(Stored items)
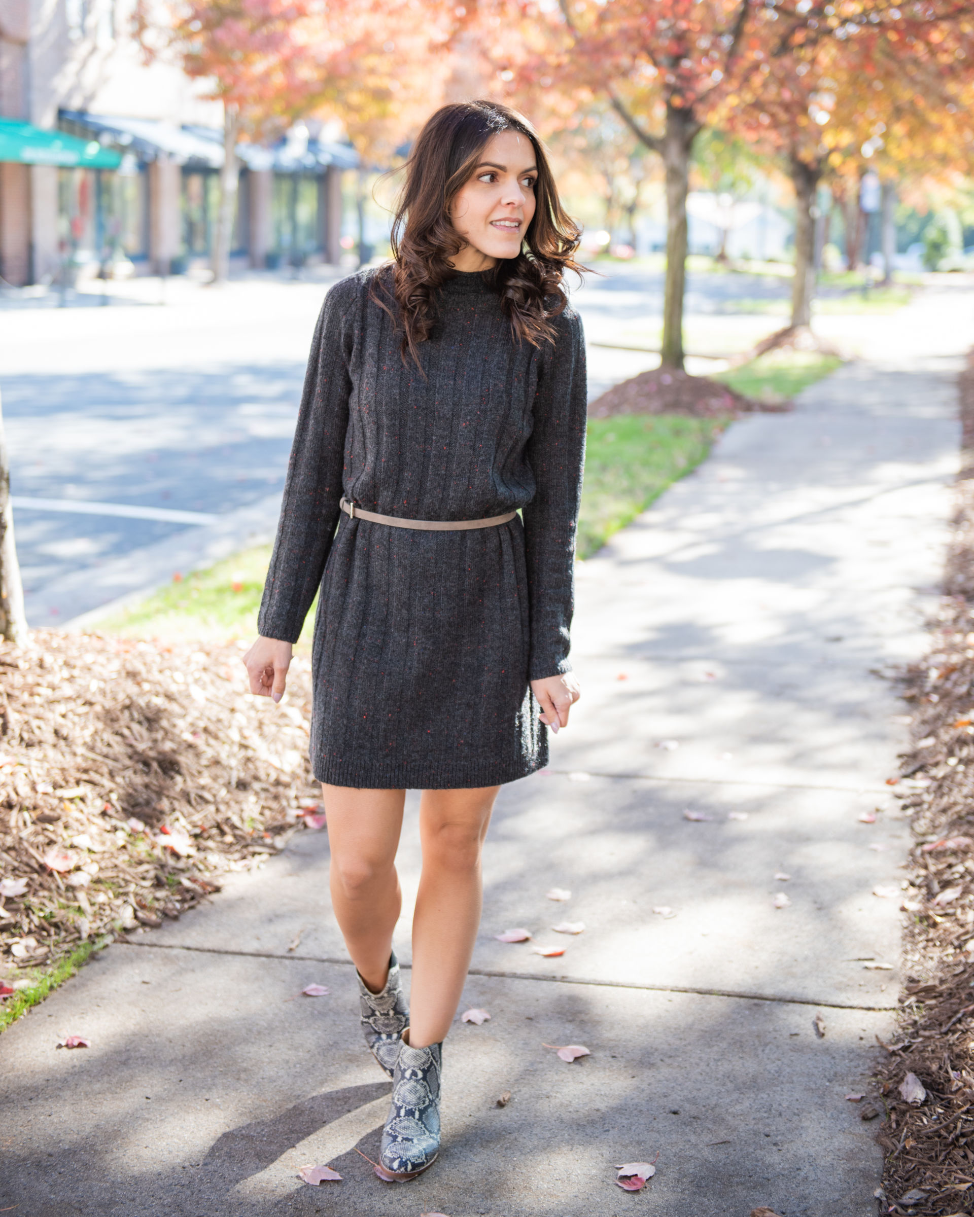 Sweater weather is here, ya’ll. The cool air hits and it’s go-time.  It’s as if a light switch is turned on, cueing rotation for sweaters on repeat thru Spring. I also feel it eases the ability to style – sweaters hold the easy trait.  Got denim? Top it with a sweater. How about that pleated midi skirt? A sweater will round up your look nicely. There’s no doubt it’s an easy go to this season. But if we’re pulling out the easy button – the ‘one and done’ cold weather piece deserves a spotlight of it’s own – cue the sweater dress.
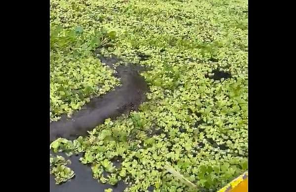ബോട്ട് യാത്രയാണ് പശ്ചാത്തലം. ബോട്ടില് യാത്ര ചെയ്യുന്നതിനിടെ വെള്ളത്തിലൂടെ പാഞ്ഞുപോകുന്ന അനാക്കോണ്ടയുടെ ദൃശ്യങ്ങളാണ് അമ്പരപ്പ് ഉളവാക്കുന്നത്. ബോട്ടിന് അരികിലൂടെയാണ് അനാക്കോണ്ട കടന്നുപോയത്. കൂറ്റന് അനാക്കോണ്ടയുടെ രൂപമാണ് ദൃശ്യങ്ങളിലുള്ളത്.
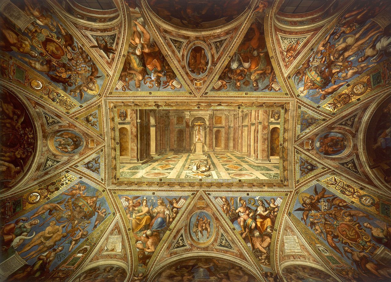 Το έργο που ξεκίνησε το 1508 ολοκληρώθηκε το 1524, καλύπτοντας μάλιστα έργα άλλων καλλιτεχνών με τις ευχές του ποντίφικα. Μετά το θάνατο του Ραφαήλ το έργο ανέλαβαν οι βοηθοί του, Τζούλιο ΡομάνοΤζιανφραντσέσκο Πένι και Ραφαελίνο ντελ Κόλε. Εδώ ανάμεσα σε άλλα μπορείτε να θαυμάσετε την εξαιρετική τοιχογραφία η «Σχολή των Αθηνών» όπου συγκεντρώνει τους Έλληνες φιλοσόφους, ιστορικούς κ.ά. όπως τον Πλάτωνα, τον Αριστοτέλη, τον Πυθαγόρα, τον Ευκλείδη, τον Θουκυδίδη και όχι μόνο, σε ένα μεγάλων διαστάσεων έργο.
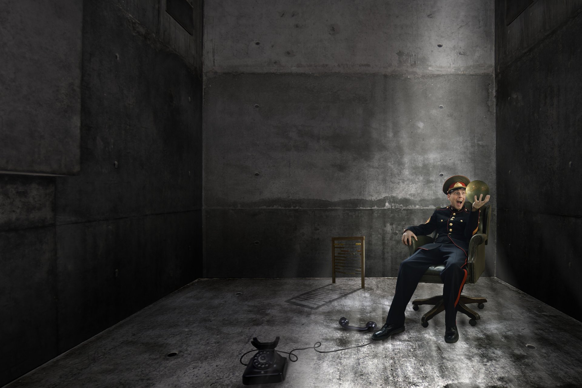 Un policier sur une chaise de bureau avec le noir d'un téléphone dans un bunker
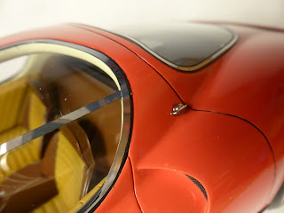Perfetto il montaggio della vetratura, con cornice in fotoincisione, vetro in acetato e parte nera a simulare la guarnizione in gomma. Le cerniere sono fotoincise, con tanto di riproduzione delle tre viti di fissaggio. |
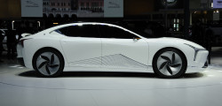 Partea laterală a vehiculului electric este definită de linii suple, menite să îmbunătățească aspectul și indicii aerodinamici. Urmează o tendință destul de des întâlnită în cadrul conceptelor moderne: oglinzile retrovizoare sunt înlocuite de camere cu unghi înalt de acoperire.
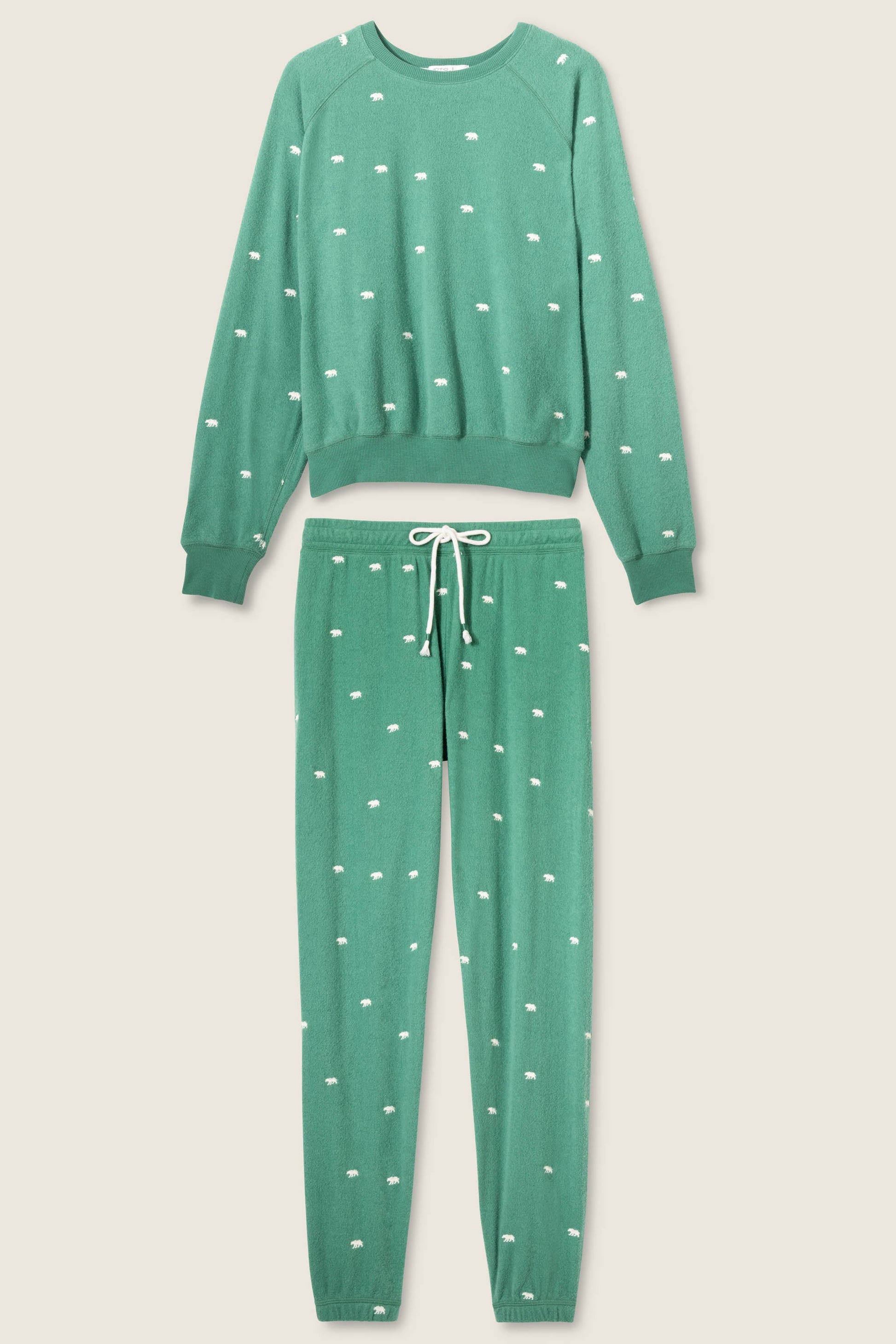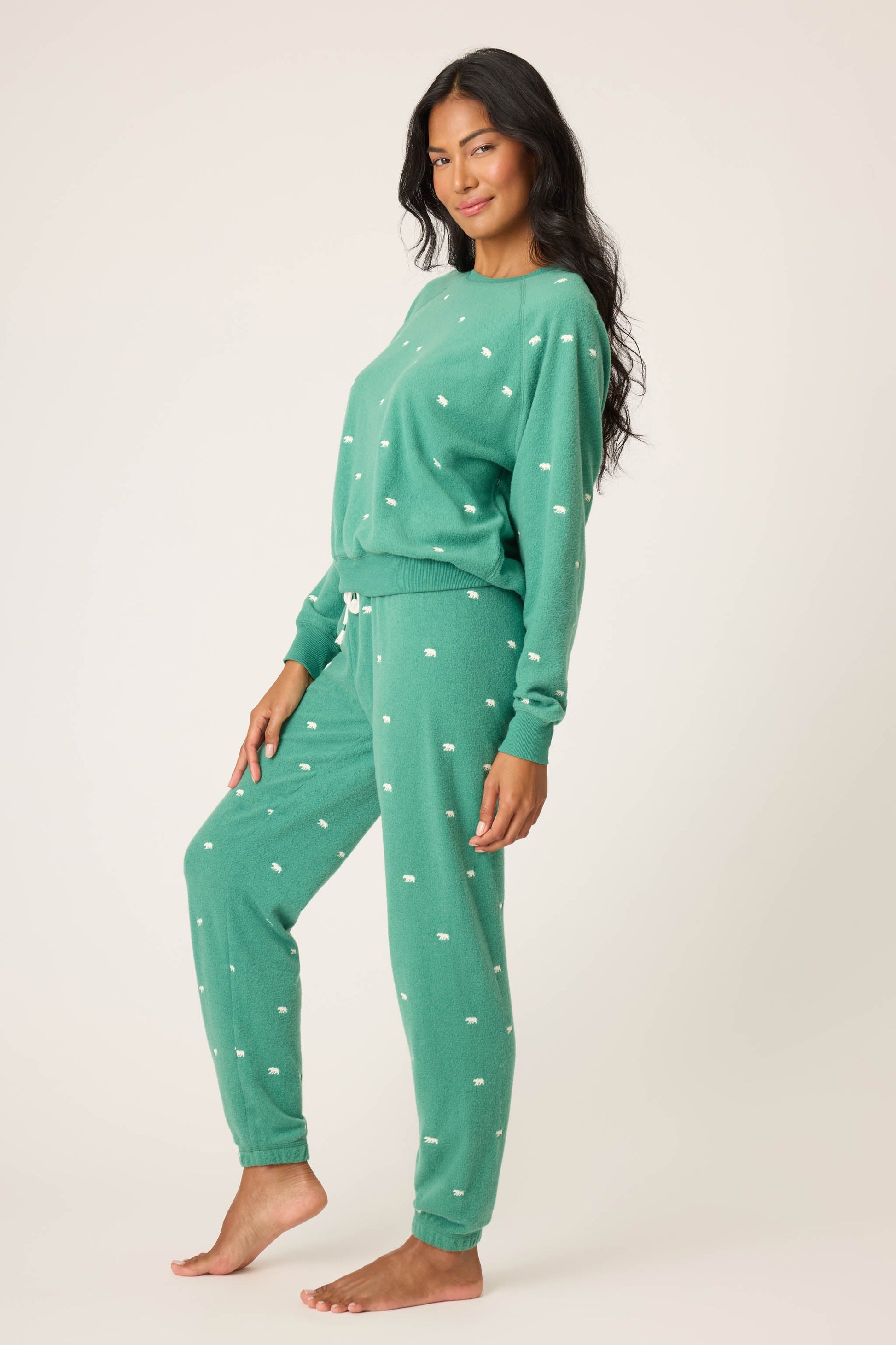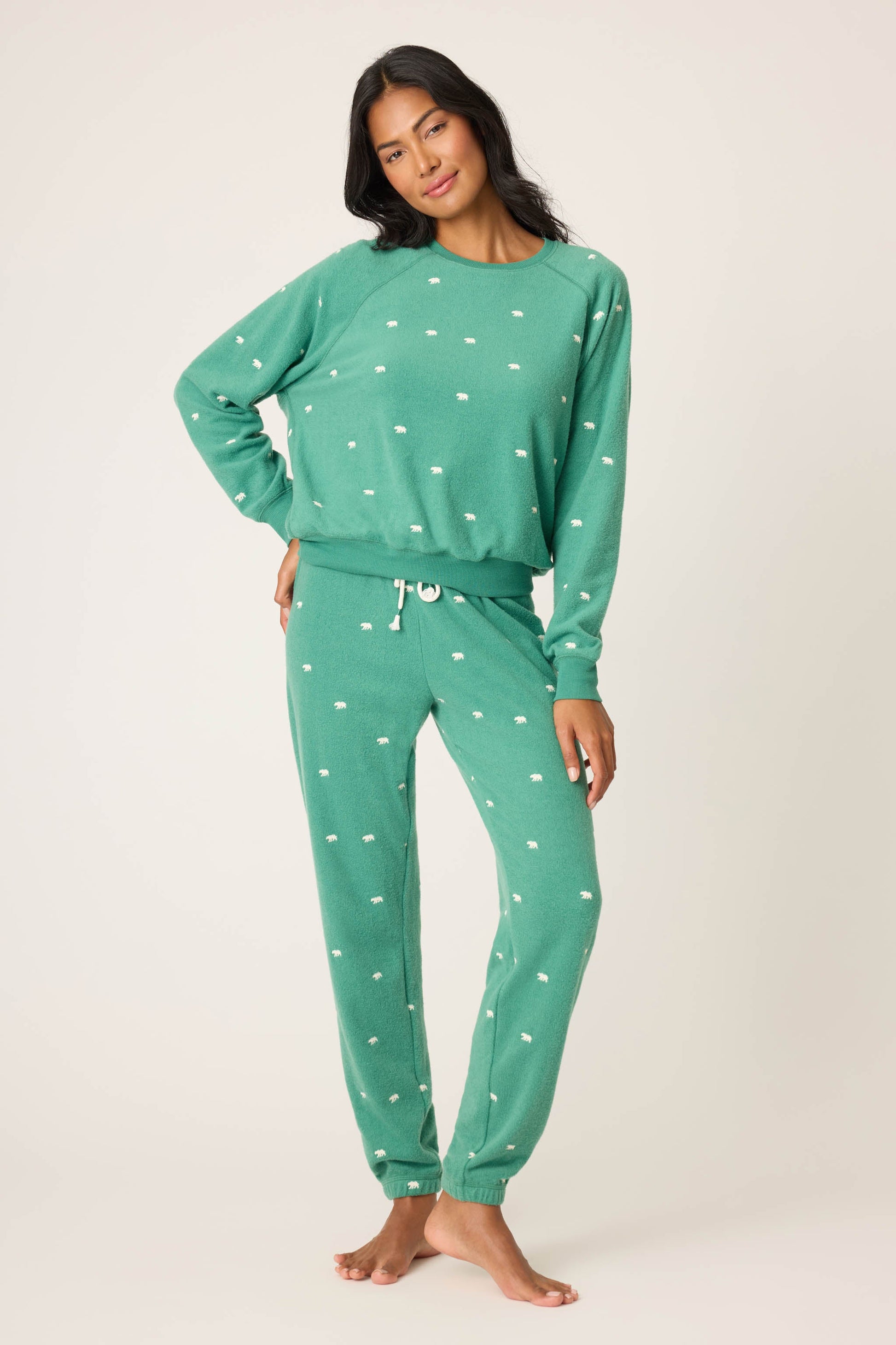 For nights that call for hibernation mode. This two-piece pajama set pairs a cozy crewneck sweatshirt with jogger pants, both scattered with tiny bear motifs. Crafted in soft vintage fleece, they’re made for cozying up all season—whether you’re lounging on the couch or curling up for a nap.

Requirement:
Without copying any picture, write out the entries exactly.

Worked solution:
 Sweater weather is here, ya’ll. The cool air hits and it’s go-time.  It’s as if a light switch is turned on, cueing rotation for sweaters on repeat thru Spring. I also feel it eases the ability to style – sweaters hold the easy trait.  Got denim? Top it with a sweater. How about that pleated midi skirt? A sweater will round up your look nicely. There’s no doubt it’s an easy go to this season. But if we’re pulling out the easy button – the ‘one and done’ cold weather piece deserves a spotlight of it’s own – cue the sweater dress.
ബോട്ട് യാത്രയാണ് പശ്ചാത്തലം. ബോട്ടില് യാത്ര ചെയ്യുന്നതിനിടെ വെള്ളത്തിലൂടെ പാഞ്ഞുപോകുന്ന അനാക്കോണ്ടയുടെ ദൃശ്യങ്ങളാണ് അമ്പരപ്പ് ഉളവാക്കുന്നത്. ബോട്ടിന് അരികിലൂടെയാണ് അനാക്കോണ്ട കടന്നുപോയത്. കൂറ്റന് അനാക്കോണ്ടയുടെ രൂപമാണ് ദൃശ്യങ്ങളിലുള്ളത്.
 Το έργο που ξεκίνησε το 1508 ολοκληρώθηκε το 1524, καλύπτοντας μάλιστα έργα άλλων καλλιτεχνών με τις ευχές του ποντίφικα. Μετά το θάνατο του Ραφαήλ το έργο ανέλαβαν οι βοηθοί του, Τζούλιο ΡομάνοΤζιανφραντσέσκο Πένι και Ραφαελίνο ντελ Κόλε. Εδώ ανάμεσα σε άλλα μπορείτε να θαυμάσετε την εξαιρετική τοιχογραφία η «Σχολή των Αθηνών» όπου συγκεντρώνει τους Έλληνες φιλοσόφους, ιστορικούς κ.ά. όπως τον Πλάτωνα, τον Αριστοτέλη, τον Πυθαγόρα, τον Ευκλείδη, τον Θουκυδίδη και όχι μόνο, σε ένα μεγάλων διαστάσεων έργο.
 Un policier sur une chaise de bureau avec le noir d'un téléphone dans un bunker
Perfetto il montaggio della vetratura, con cornice in fotoincisione, vetro in acetato e parte nera a simulare la guarnizione in gomma. Le cerniere sono fotoincise, con tanto di riproduzione delle tre viti di fissaggio. |
 Partea laterală a vehiculului electric este definită de linii suple, menite să îmbunătățească aspectul și indicii aerodinamici. Urmează o tendință destul de des întâlnită în cadrul conceptelor moderne: oglinzile retrovizoare sunt înlocuite de camere cu unghi înalt de acoperire.
 For nights that call for hibernation mode. This two-piece pajama set pairs a cozy crewneck sweatshirt with jogger pants, both scattered with tiny bear motifs. Crafted in soft vintage fleece, they’re made for cozying up all season—whether you’re lounging on the couch or curling up for a nap.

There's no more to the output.